4.補償漁民の半数以上は漁業権放棄に反対
     ~ヤミに葬られた漁業補償金追跡調査結果~

 こうした漁民の思いを実際に裏づけた調査結果がある。「千葉県における補償金追跡調査委員会」が1970年に発行した『漁業権放棄以後における補償漁民の生活変化と補償金の使途に関する調査報告書』である。

 同調査は、海を離れた漁民たちのその後の生活を追跡するため、千葉日報社と県信漁連(千葉県信用漁業協同組合連合会)、千葉銀行などが委員会をつくり、故飯田朝・千葉大学教授らの調査団に委託してすすめられたものである。4漁協の旧漁民456世帯から聞き取りがされた。
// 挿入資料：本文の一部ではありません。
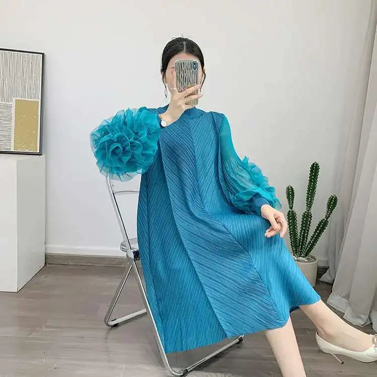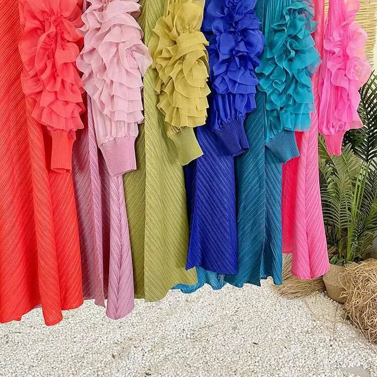 Luxury Pleated Floral Ruffle Dress
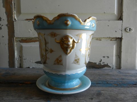 Meget smuk fransk urtepotteskjuler i turkis og guld, med håndmalede blomster dekorationer, bemærk de smukke vædderhoveder! Potten er fra midten af 1800tallet.
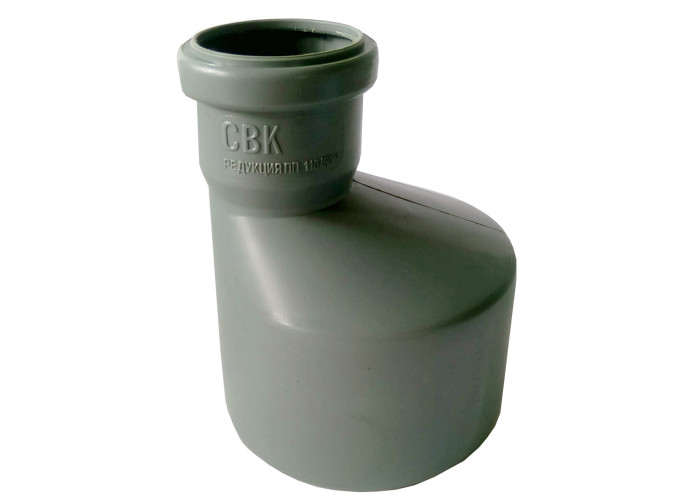 Перехідник діаметр 110/50 мм СВК для внутрішньої каналізації. СВК - це торгова марка каналізаційних труб і фітингів класу економ. Продукція призначена для обладнання систем водовідведення з максимальною температурою стічної рідини 60 град. і короткочасної (до 1 хв.) 95 градусів, а також для вентиляції і для внутрішніх зливових стоків. Також продукція оснащена ущільнювачів гумками. ПВХ продукція виробляється з непластифікованого полівінілхлориду як монолітна (одношарова), так і тришарова. Вона не псується корозією, стійка до дії кислот, лугів і солей. Монтувати конструкцію на місці досить просто, а з'єднання виходить герметичним. При демонтажі або заміні усувається деталь також швидко. Відмінні техніко-економічні характеристики показали ПВХ каналізаційні труби і фітинги з діаметрами 110-200 мм, що зробило їх дуже популярним в приватному будівництві (дачі, невеликі будови). Характеристики: виготовлені з поліпропілену, призначені для монтажу каналізації, а саме для внутрішніх каналізаційних мереж. Виробник: "СВК", Україна.
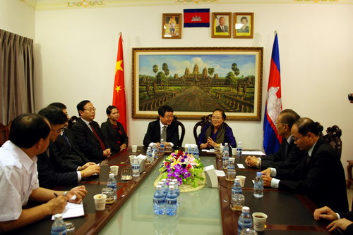 克洛媞达院士在首发式前会见了万以学局长一行,宾主进行了友好会谈。万以学局长介绍说,安徽新华发行(集团)控股有限公司每年发行销销售书籍达14亿元人民币。中国安徽黄山于1990年列入世界文化与自然遗产名录。吴哥古迹于1992列入世界文化遗产,是柬埔寨人民宝贵的历史财富与智慧的结晶。此次来访柬埔寨希望能推动中国安徽省和柬埔寨的旅游文化合作。他还邀请克洛媞达院士在合适的时候到访中国安徽省。
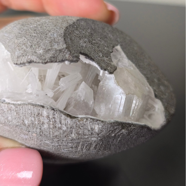 Scoleciet is een krachtige steen voor innerlijke rust en diepe meditatie, die helpt bij het openen van het derde oog en het versterken van spirituele verbindingen. Het bevordert lucid dreaming, intuïtie en een gevoel van eenheid met het universum.

 いくつかあげると、「漁業と現在の仕事でどちらが働きがいがあるか」という問いに対しては「漁業」69.7%、「現在の仕事」15.7%、「どちらともいえない」11.8%、である。
「補償後の生活変化をどう感じているか」に対しては「苦しくなった」51.1%、「変わらない」26.1%。「収入が増え楽になった」17.5%。
「漁業権放棄に対する態度」については「反対」52.5%、「賛成」32.5%、「保留」10.5%、「仕方がない」3.2%。
「工場進出でよくなった面」に対しては、「なし」52.2%、「あり」39.2%、「不明」8.5%。
「工場進出で悪くなった面」に対しては、「あり」89.5%、「なし」7.7%、「不明」2.6%──となっている。つまり、報告書では、「転業後の生活より漁業に従事した方が良かった」という実態が浮き彫りにされているのである(くわしくは、調査報告書を参照)。
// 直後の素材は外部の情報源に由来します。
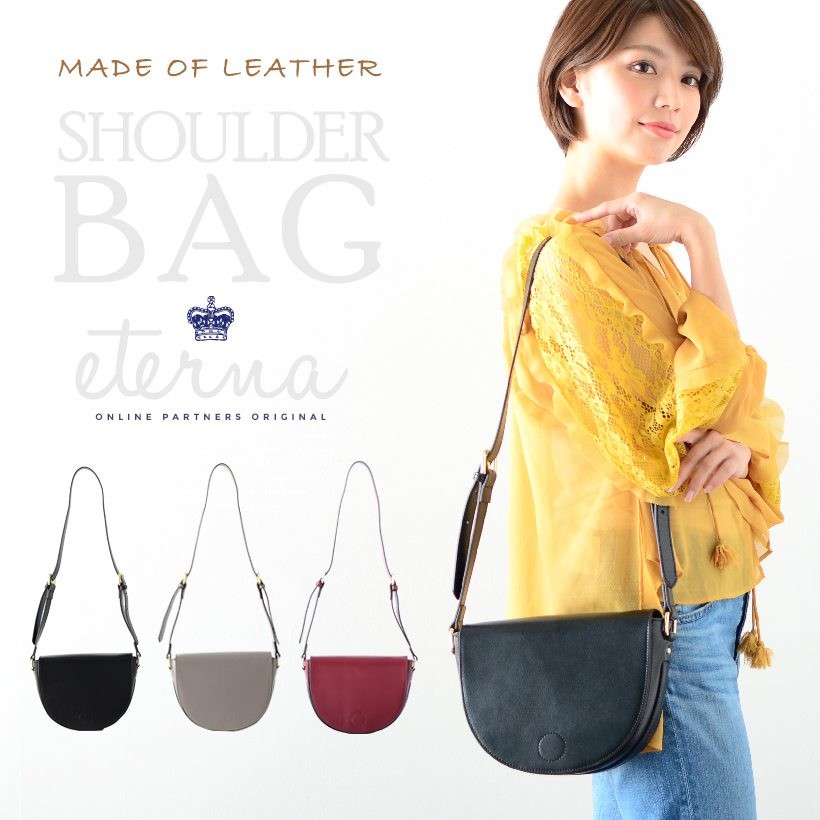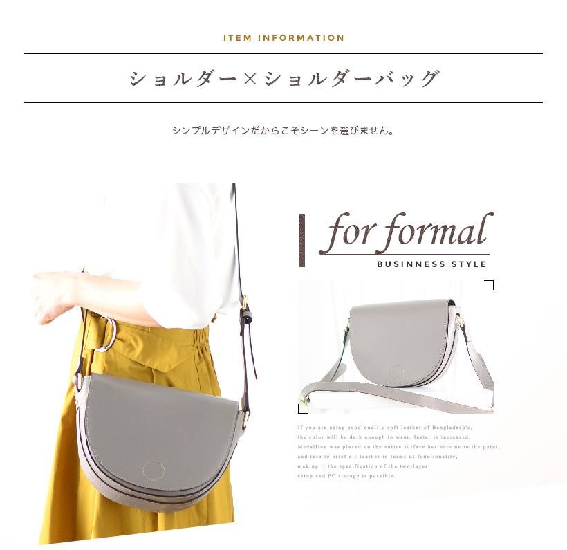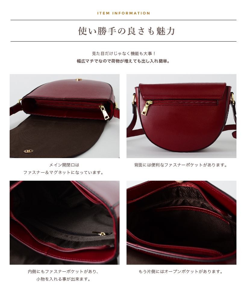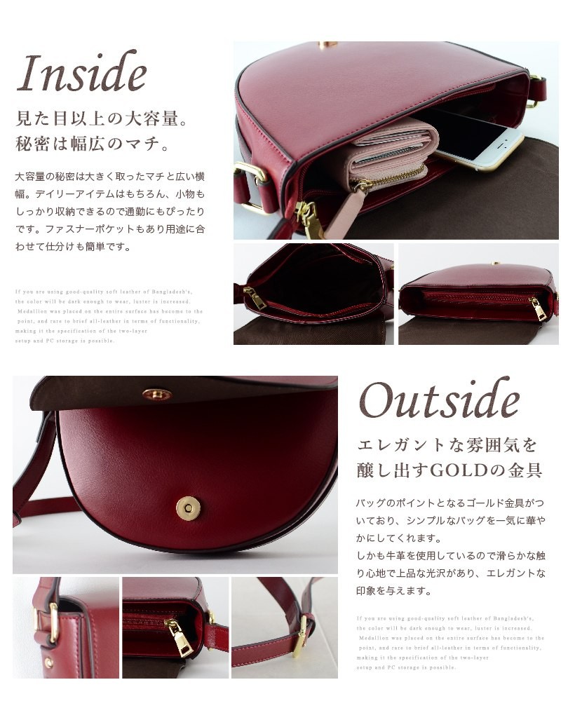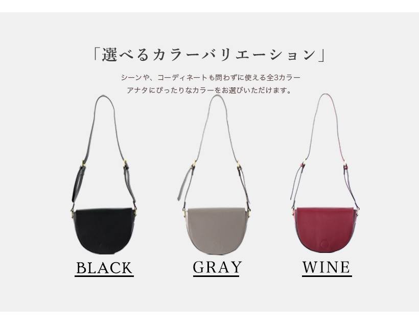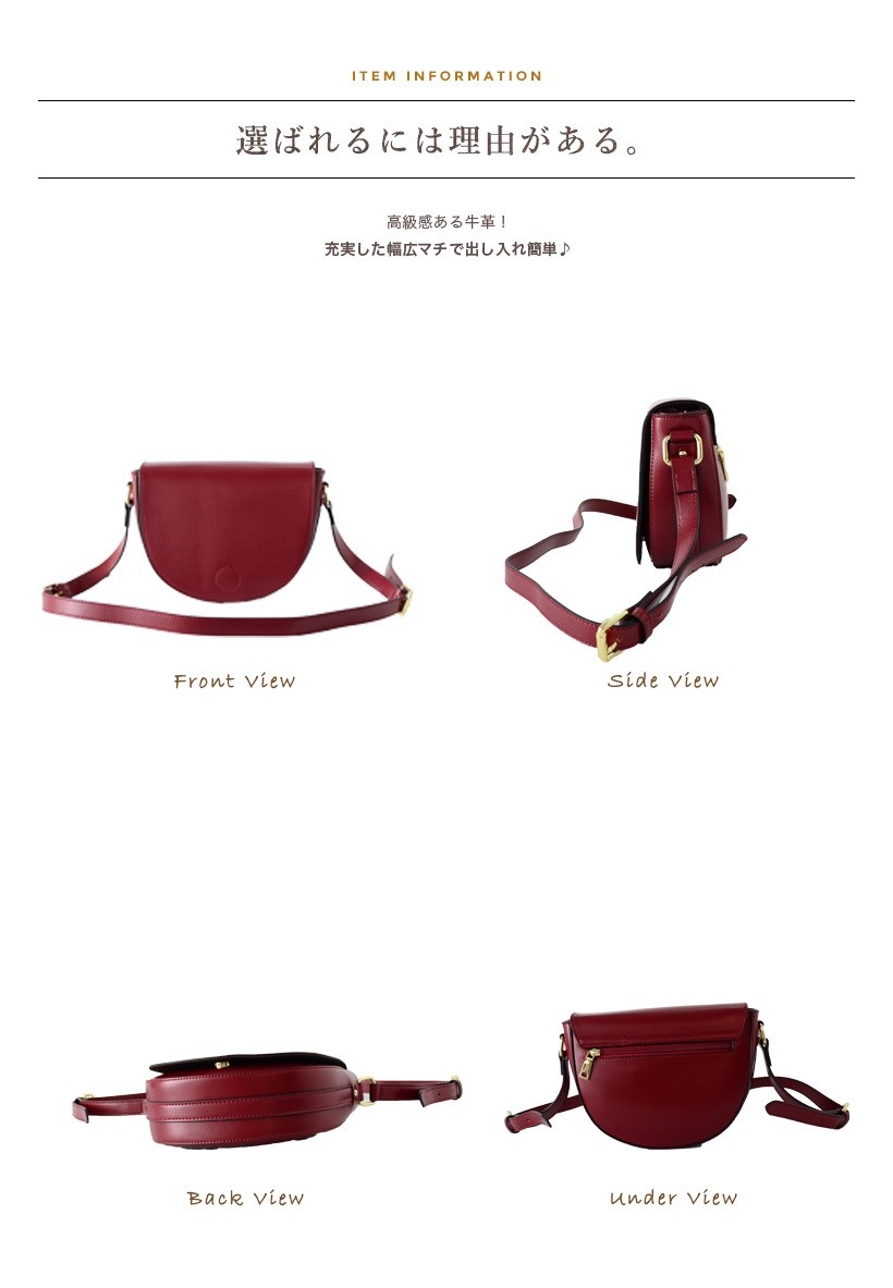 スタイリッシュでシンプルな牛革ショルダーバッグ。コロンと丸いシルエットがオトナ女子のコーディネートに茶目っ気を与えてくれます。スリムなデザインながらしっかりとマチがあり、必需品の収納は可能。ショルダーベルトは持ち方によってサイズ調節が可能なベルト仕様。高級感のあるフォルムできれいめスタイルはもちろんカジュアルにも合います。●SIZE:高さ:約17.5cm / 幅:約25cm / マチ:約7cm●ショルダーベルト長さ:約100~116cm×幅:約2.1cm(取り外し不可能/調節可) 持ち手高さ:約45~53cm●外ポケット:背面ファスナー付きポケット1●内ポケット:オープンポケット1、ファスナー付きポケット1●重さ:約560g●素材:牛革●バッグのメイン開閉口はマグネットになっております。[カラー]ブラック・グレー・ワインメーカーより取り寄せ商品のため、在庫状況によっては欠品・廃盤の可能性があります。あらかじめご了承ください。

 ところが、同報告書は公表されなかった。その理由について、調査団の一人は、「なぜなのかはわからないが、ちょうど昭和46年の知事選を控えていた時期で、じゃまになってはまずいと判断されたのでは」(朝日新聞千葉支局編『追跡・湾岸開発』朝日新聞社)と言っている。
 また、飯田清悦郎氏は『欲望のコンビナート』(前出)の中で、同調査報告書は「巨怪な圧力によって地域住民のまえに公表されることなく、どこかにしまいこまれた」と述べ、調査にあたった飯田朝教授(前出)がこう語っていることを紹介している。
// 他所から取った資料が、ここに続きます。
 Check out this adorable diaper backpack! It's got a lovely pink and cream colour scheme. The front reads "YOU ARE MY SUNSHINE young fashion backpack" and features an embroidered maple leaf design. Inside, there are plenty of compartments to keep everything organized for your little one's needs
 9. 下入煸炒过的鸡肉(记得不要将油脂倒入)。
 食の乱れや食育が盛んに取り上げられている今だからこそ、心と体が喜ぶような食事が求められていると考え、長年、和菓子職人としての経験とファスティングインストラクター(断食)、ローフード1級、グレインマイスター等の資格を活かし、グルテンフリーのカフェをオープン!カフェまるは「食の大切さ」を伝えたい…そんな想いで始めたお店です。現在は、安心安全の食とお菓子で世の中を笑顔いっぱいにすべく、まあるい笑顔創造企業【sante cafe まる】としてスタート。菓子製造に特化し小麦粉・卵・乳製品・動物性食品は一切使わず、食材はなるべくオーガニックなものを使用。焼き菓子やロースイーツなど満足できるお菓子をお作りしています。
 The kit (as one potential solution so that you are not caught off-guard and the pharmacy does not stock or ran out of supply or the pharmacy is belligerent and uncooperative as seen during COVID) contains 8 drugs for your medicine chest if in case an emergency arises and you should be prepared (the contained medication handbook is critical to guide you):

 「20余人の学生が、何十日も泊りこみで調べあげた調査の報告書が、行政側から出た結論と違うということでおクラ入りとなった。おクラ入りの背後に行政上の、あるいはもっと別の圧力の存在があったことは否定できない」

 同報告書は、県立中央図書館などごく一部のところに保存されているだけである。